During my tenure as a former Editor of the HFMA Managed Care Forum Advisory Council's Newsletter, the issue of "Silent PPOs" surfaced frequently, without adequate resolution. At that time, it appeared to be especially prevalent in the Eastern and Southern states. It later surfaced extensively in Nevada. An Expert in dealing with “Silent PPO” problems in that state spoke to me about the commonality of this problem in most states. He also spoke to me in general terms, about how to resolve many of these problems. I wondered, “Why isn’t this also a California problem?”

Some California Experts in Managed Care billing and collections, have commented that the State Department of Managed Health Care has this Silent PPO issue “under control”, but they provided no details or support! Instead, I challenged that same “Silent PPO” Expert from Nevada to research the California law and talk with our Department of Managed Health Care – and then explain in simple terms to me why “Silent PPOs” in California were still a problem, how big and what kind.

I offer you this same challenge. After reading this Article—are you, as a California hospital, certain that you are not losing crucial revenue to Silent PPO activity?

     Efforts by the California Legislature to reign in “Silent PPO” practices have failed. A Silent PPO discount is an insurance practice where an insurer pays a hospital’s claim, one that was based on standard and customary charges, by applying a discounted rate to which it is not entitled. This surprise discount is unfair to hospitals because the insurer has not contracted with the hospital for the special rate and has not provided any patient direction to the hospital to justify use of the rate. These silent payors obtain the rate information from the original, contracting PPO or from an insurance broker, which has leased or subleased the PPO network and accompanying rate structure. Silent PPOs are skimming off hospital profits by the millions of dollars yearly.

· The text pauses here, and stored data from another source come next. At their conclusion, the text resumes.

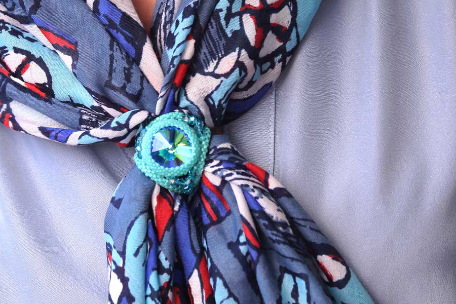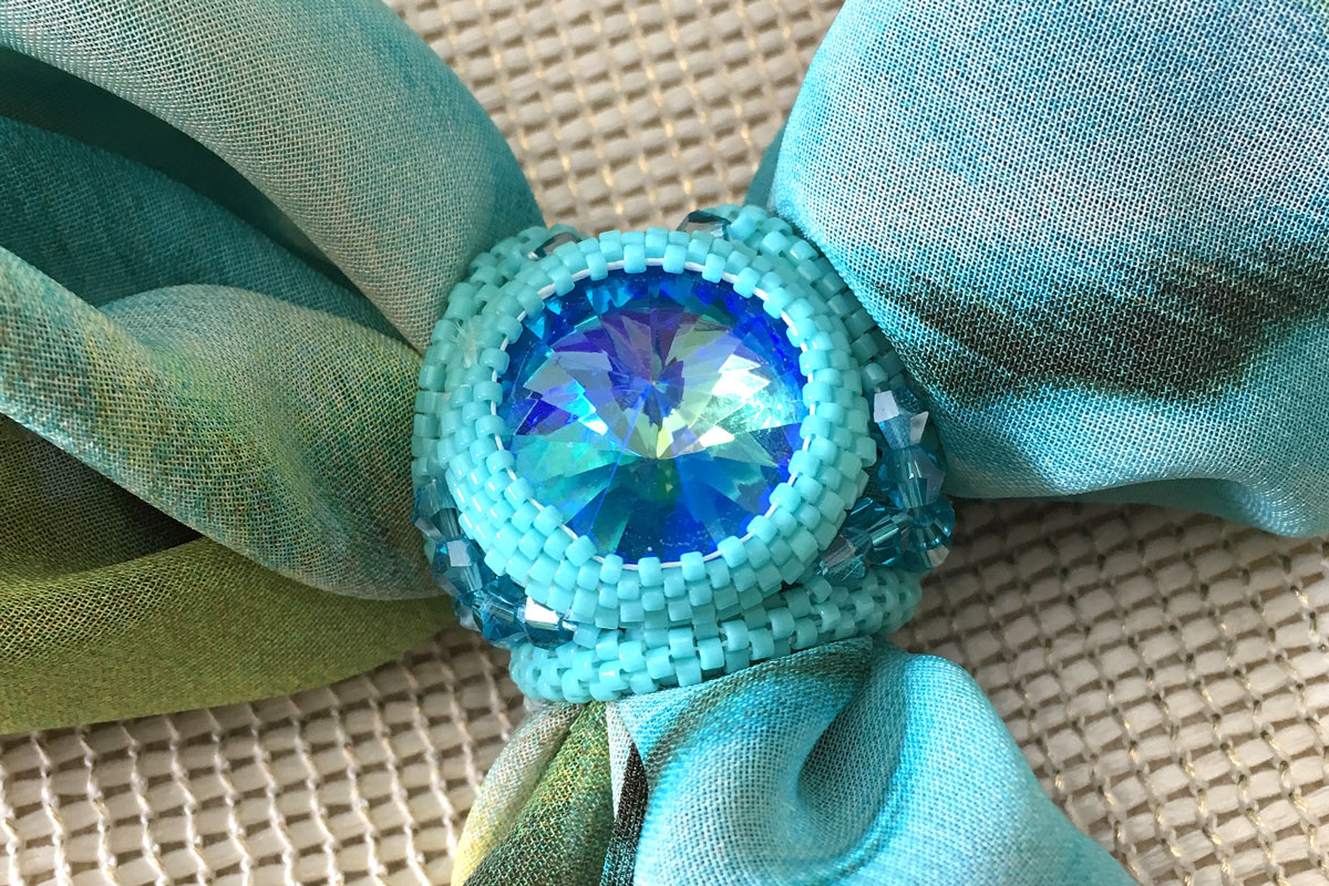 Enjoy the warm weather in style with the Sparkling Turquoise Crystal Scarf and Sarong Ring Accessory. Designed with an eye catching Aurora DuraCoat 20mm crystal rivoli as the centre piece and encased in beautifully matched Japanese Delicas and seed beads, this extremely versatile accessory is stunning.
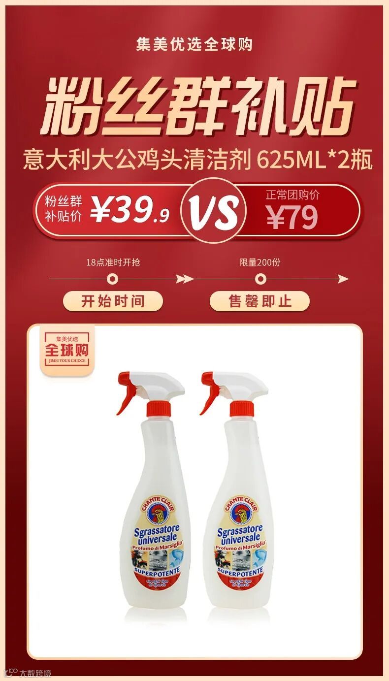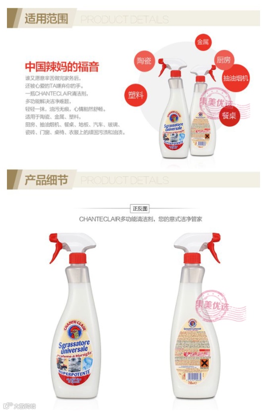 【粉丝群补贴】意大利Chante Clair大公鸡头管家万能清洁剂 625ml*2瓶(新老包装随机发) 原价:79元 粉丝群补贴价:39.9元
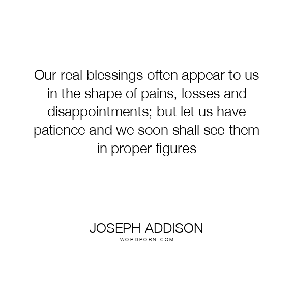 Our real blessings often appear to us in the shape of pains, losses and disappointments; but let us have patience and we soon shall see them in proper figures
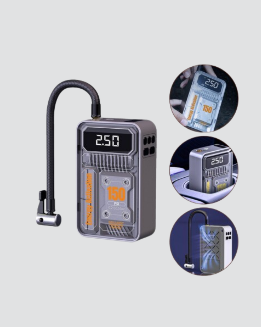 Yüksek performanslı bu kablosuz hava pompası, 150 PSI basınç gücüyle lastikler, toplar ve bisikletler için ideal bir şişirme aracıdır. 60W motor gücü ve 30000 RPM hızıyla hızlı şişirme sağlar.Kompakt boyutları sayesinde kolayca taşınabilir. Torpido gözüne, sırt çantasına veya araç bölmesine sığar. 6000mAh bataryasıyla tam dolu şarjda 4 lastiğe kadar kullanım imkanı sunar.LED ekranı sayesinde mevcut basıncı net bir şekilde görebilir, istenen değeri ayarlayabilir ve cihaz fazla basınca ulaştığında otomatik kapanma özelliğiyle güvenli kullanım sağlar.Kablo gerektirmeyen yapısı sayesinde hareket halindeyken dahi kolay kullanım sunar. Acil durumlarda hayat kurtaran bu kompakt pompa, özellikle uzun yol sürücüleri ve sporcular için vazgeçilmezdir.

     California hospitals are especially vulnerable to Silent PPO losses because the state is a popular travel destination. Travelers, who are out of network from their local health insurance plans, often require hospital services. The insurers playing the Silent PPO game are eager to minimize costs. They search their purchased discount PPO list for attractive rates, or contact a broker to lease a PPO network’s rate; and then apply the discount. Losses due to Silent PPO activity are particularly devastating to California hospitals because the state is the most popular state for domestic travel in the U.S. In 2002, 318 million domestic travelers visited the State. In addition, 4.5 million travelers were from overseas, 870,000 from Canada and 3 million from Mexico. Los Angeles County receives the most domestic tourism, with 49 million person trips.

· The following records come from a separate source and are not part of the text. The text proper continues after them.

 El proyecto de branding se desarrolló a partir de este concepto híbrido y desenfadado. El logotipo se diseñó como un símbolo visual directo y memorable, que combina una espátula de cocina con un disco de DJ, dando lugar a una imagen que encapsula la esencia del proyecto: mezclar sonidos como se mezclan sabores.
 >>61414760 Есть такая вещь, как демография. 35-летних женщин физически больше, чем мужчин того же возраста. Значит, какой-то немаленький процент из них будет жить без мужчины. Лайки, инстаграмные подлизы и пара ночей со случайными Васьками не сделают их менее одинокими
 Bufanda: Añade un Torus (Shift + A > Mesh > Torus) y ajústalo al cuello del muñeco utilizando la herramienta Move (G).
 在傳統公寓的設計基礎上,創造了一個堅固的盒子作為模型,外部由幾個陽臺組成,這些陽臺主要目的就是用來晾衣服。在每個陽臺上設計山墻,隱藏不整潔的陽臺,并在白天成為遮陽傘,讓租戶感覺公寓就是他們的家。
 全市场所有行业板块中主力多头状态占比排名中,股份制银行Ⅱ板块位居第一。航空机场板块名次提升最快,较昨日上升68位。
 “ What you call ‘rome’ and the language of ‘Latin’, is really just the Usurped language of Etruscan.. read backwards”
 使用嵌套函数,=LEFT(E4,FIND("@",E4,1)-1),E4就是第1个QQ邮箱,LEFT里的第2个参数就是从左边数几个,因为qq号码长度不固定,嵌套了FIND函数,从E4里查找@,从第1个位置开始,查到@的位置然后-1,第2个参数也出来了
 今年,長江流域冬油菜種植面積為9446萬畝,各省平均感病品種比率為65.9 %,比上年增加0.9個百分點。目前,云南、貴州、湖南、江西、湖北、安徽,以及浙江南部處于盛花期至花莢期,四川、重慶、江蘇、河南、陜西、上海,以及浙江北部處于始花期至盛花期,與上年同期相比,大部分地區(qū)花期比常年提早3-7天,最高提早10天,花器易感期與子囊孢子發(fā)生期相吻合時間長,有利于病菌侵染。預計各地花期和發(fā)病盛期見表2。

An Attempt to Stop the Abuse      California healthcare providers have long sought a law with “real teeth” to stop this abusive practice. Senate Bill 559 was the product of hard work by over 30 interested parties, who, after many meetings, addressed virtually every objection raised by the insurance industry. It passed unanimously. SB 559 amends the Knox-Keene Health Care Service Plan of 1975 by adding Section 1395.6. It was initially a well-drafted law backed by good intentions. The original version provided the real teeth necessary to combat Silent PPOs. It is not surprising that the insurance lobby sought to change it, arguing that it would burden innocent payors and interfere with private contracts. And change it they did. Before it took effect, an insurer sponsored an amendment that, when passed, significantly altered the impact of the Act.

…But a Failure Nonetheless      Simply put, this law as it now stands is a failure. The private right for hospitals to seek financial penalties from insurers claiming unauthorized discounts has been removed. Further, the Departments of Insurance and Managed Health Care have not engaged in a single enforcement action. Even if they were to try to enforce the Act, it is so seriously flawed that it is likely to be found unconstitutional. This is because its definition of payors is vague, overlapping, ambiguous and befuddled. This law may actually make matters worse because it can instill a false sense of security.

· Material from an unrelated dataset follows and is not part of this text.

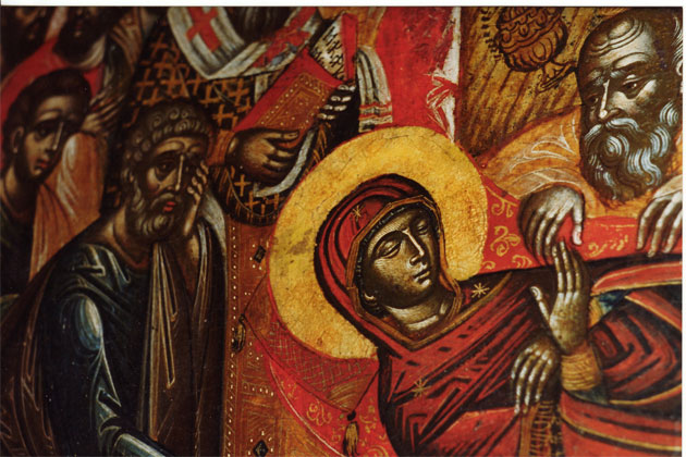 Τι παραλαμβάνει ο Κύριος; Το σώμα η την ψυχήν της Θεοτόκου; Ερμηνεύοντας την θεολογία της υμνογραφίας, σε συνδυασμό με την ιερά παράδοση, η οποία αποτυπώνεται και στην ορθόδοξη εικονογραφία, ο Χριστός έρχεται να παραλάβει την ψυχήν της Αγίας Μητρός Του. Στο προεόρτιο Δοξαστικόν των Αποστίχων βεβαιώνεται σαφώς, «εν ταίς του Υιού χερσί, σήμερον την παναγίαν παρατίθεται ψυχήν» και στο α' Απόστιχον της εορτής, ομοίως: «Αυτού ταις αγίαις χερσί, την ψυχήν παραθεμένη». Μάλιστα, ο πολύς Ιωάννης Δαμασκηνός στον Κανόνα (β' τροπάριον η΄ Ωδής) σημειώνει το εξής εκπληκτικό: «Ούτος το πανίερον πνεύμα σου δεξάμενος, εν εαυτώ κατέπαυσεν, ως οφειλέτης Υιός». Εάν, όμως, ο Δεσπότης Κύριος παραλαμβάνει την ψυχήν και το πνεύμα της Παναγίας, πώς «αι υπέρταται Δυνάμεις... το θεοδόχον και ακραιφνέστατον σώμα προπέμπουσι, τω ...

     Three key deficiencies in the current act are worth noting. First, the Act does not apply to emergency care, a frequent source of unauthorized discounts. Second, required patient direction incentives are minimum. The Act requires only that payors provide their beneficiaries with provider lists “within a reasonable geographic range” of their home. Third, payors are required to describe their active encouragement only upon written request. This begs the question. The payor may be “Silent” and, thus, its identity unknown to the hospital.

     In addition, providers are unlikely to pursue the remedies under the Act because violation of the Knox-Keene Act is a crime. Providers are understandably reluctant to estrange their relationships with payors under these conditions. Further, California regulators in the Departments of Insurance, with oversight over insurers, and Managed Health Care, with oversight over HMO’s, are understandably more focused on practices that affect medical treatment. They have indicated to the authors that they regard Silent PPO’s to be a matter of private contractual dealings. Finally, they believe they largely lack jurisdiction over, and thus authority to regulate, most PPO networks.

Solving The Problem     In essence, the regulatory approach to protect hospitals from Silent PPO losses has failed in California. Yet there is one real solution that works in all states. It is effective contracting. California has since accepted this by enacting a subsequent section to the Knox-Keene Act which states that provider discounts are a matter of private contracting.